Being continuously hack-attacked over ssh does not explain your system going down. But it is bad:
45.227.255.4 is a machine in Panama.
132.145.127.59 is on the Oracle public cloud.
I'm 99% sure those machines are not supposed to ssh into your machine, in particular not as root. If hackers are continuously probing you, they will get in sooner or later, or DoS you. You need to do something. My personal suggestion (doesn't work for everyone), quite effective, much easier than sshguard and a firewall: Simply move the ssh port to a bizarre port number. No, not 2222 (that's old, everyone does that. Personally, I use the last four digits of Pi <- ha ha old joke. Now, for security, you really want something better, but this reduces the frequency of ssh attacks to "tolerable".

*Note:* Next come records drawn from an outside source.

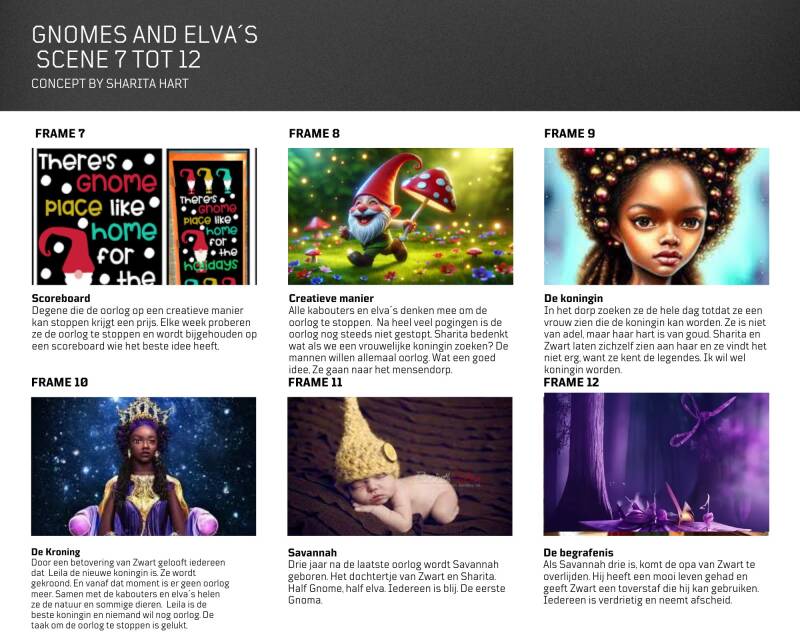 Nieuwe info juni 2024. Sharita is een elva, een elf en Zwart is een mensa. De beste vriend van Sharita is een kabouter. Als Sharita op een dag in het mensendorp is ziet ze Zwart. Een mensa met prachtig half lang haar. Ze wordt meteen verliefd. En ze vraagt aan the old lady of ze haar groter kan maken. Sharita en Zwart krijgen een relatie. Ze blijven heel lang samen totdat er oorlog is bij de mensa´s. Sharita wordt vermoord, haar keel wordt doorgesneden. Zwart is te laat en Sharita gaat dood. Zwart vermoord iedereen die met de moord te maken heeft en pleegt zelfmoord. In het hiernamaals zien ze elkaar weer. Zoals Braveheart. Savannah wordt niet geboren, maar in het grote hiernaals zijn ze samen met zijn drietjes.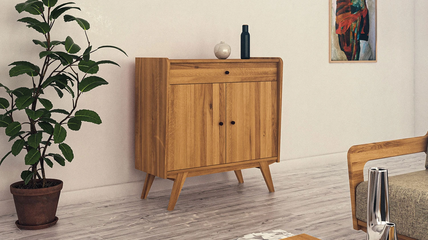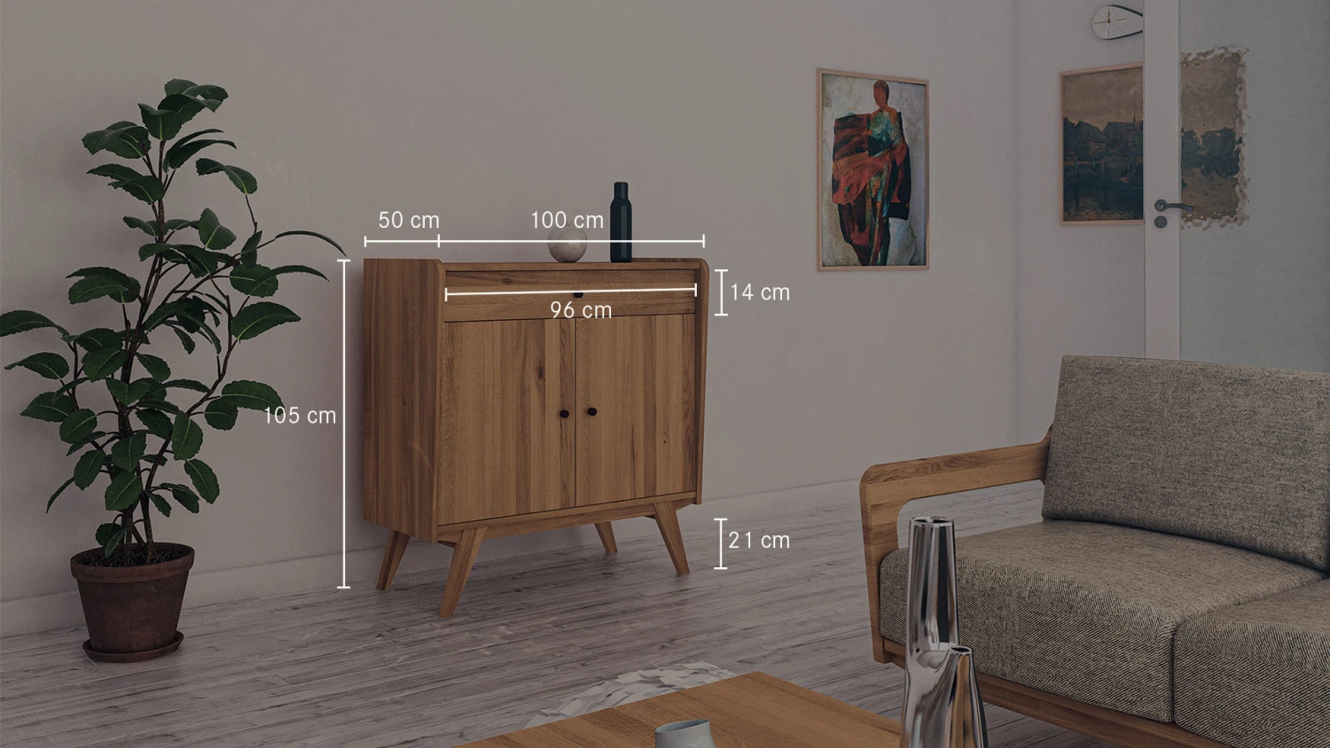 - Schrankfüße schräg verlaufend und handwerklich perfekt in die schöne Zarge integriert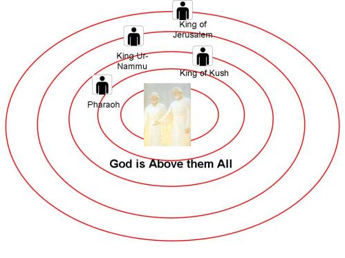 El Faraón probablemente también sabía del rey de Mesopotamia, que quizás era el rey Ur-Nammu de la ciudad de Ur. Este rey probablemente era visto ocupando una órbita cercana al gobernante egipcio. El reino nubio de Kush había llegado a ser muy poderoso en esa época, pero los egipcios también dominaban a este grupo. Son muy grandes las probabilidades de que el rey egipcio se considerara a sí mismo como el cuerpo que gobernaba las órbitas del liderato, o sea, la fuerza centrífuga que controlaba a los líderes de la tierra.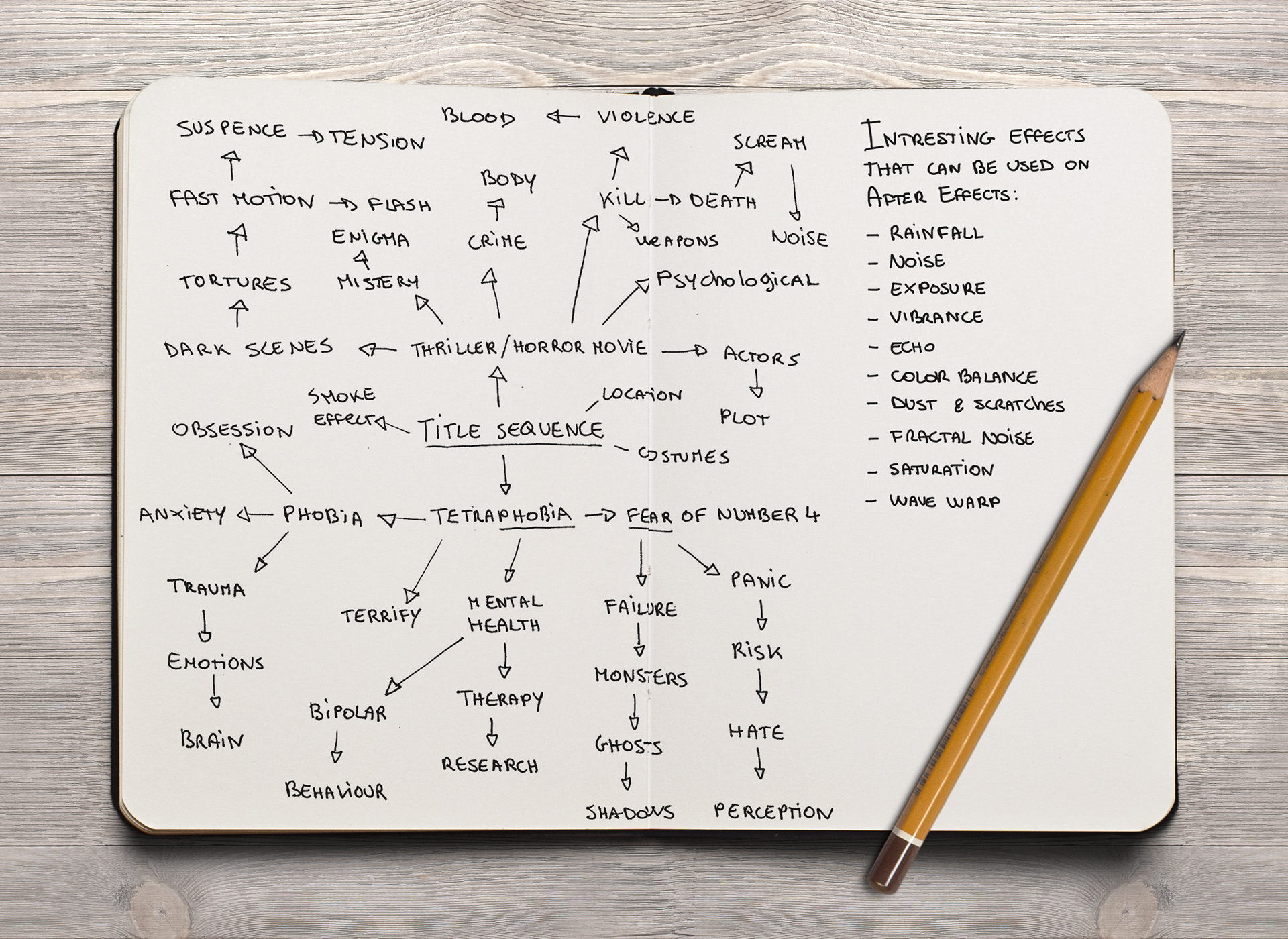 Mind maps, sketches and thumbnails are an essential component of any design process. In the case of this project, the process started with the creation of a mind map, which helped me to identify useful keywords and the topic I would cover in the title sequence. Then I imagined the story I wanted to tell and a potential title for my video. Through the drawing of a series of thumbnails, I recreated the main scenes of the video and helped me to understand any possible gaps or mistakes in the development of the story. All the scenes were then re-created and edited using After Effects.
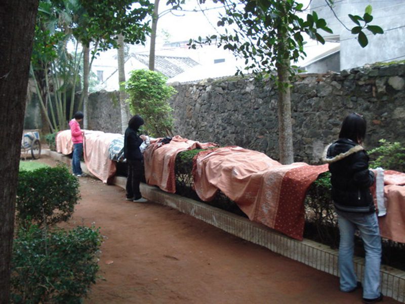 志愿者帮助老人们晒被单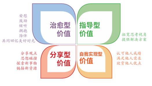 高情绪价值包括四种常见类型:治愈型价值、指导型价值、分享型价值、自我实现型价值。每种类型有其不同的表达方式,如下图:
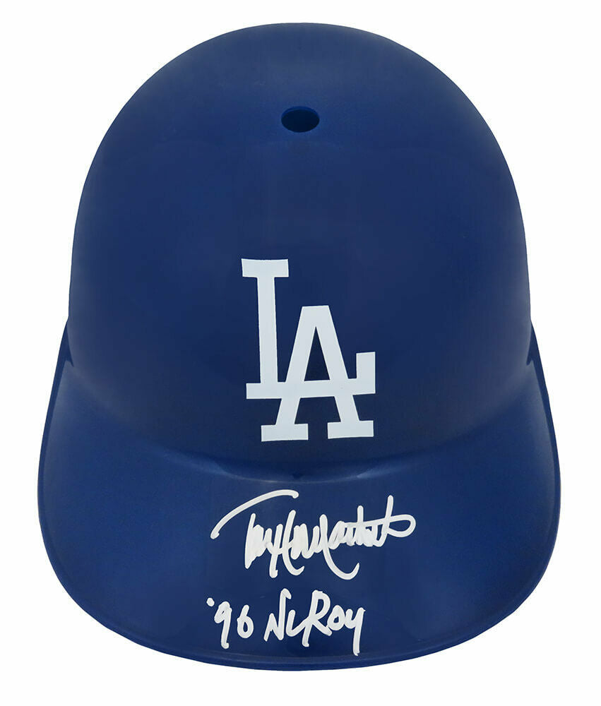 Todd Hollandsworth signed Los Angeles Dodgers souvenir replica baseball batting helmet with 'NL ROY 96' inscription. Item comes with a Schwartz Sports Memorabilia tamper-proof numbered hologram and Certificate of Authenticity which can be verified online.

Monitoring: I would connect a monitor to the console or via serial port, which logs in *WITHOUT* X-windows, and right after booting start top on it. Most likely, top will keep going, and you can see it. If your hardware doesn't work that way, then write a little scripts that runs top once  and appends to a file (run top with only one screen of output), then calls sync to make sure the file is on disk, and repeat every 10 seconds. Next time you log in, check what top was doing right before the machine went down. My hunch is that something is exploding, and you have a massive resource problem: your system is probably actually up and running, but so slow that it is indistinguishable from dead.


----------



## Drizzt321 (Oct 1, 2020)

OK, decided to start with an open ipfw setup with sshguard. Up and running!

I'll wait a bit, do my usual, see if that seems to help.

Doubt it's DNS, this is all over local LAN, 192.168.1.0/24, with a DHCP reservation for the server.

Could be RAM, I suppose. I did run a full memtest86+ round on the RAM when I first got it. I'll see, may need to run another couple of rounds, see if that prompts something.

There is the NIC on the motherboard, Realtek I think, but I got this Intel one since Intel generally makes much better NICs. I'll wait on sshguard, see if that has an effect, then the rest. 

I did add your monitoring to a log file, pick something up if it's that. 


ralphbsz  You presume I have a serial port...this is a modern consumer motherboard. I'd have to get a serial header to back panel, and I don't even know if it's a real serial port, or sitting on the USB bus or something. Still, I could see if that gives me something maybe. 

And this is a home NAS server, headless (although I do have an HDMI to one of my monitors for now, to try to troubleshoot this), so no X-windows, nothing like that. 

You're right, it's probably a resource issue of some kind, or something just blocking the kernel somehow from responding, even on the TTY console (USB keyboard, standard cheap PCIe video card output). And that's kinda strange I'd think, has to be something truly crazy.


----------



## richardtoohey2 (Oct 1, 2020)

The DNS bit was just on my list of usual suspects - not for your case here!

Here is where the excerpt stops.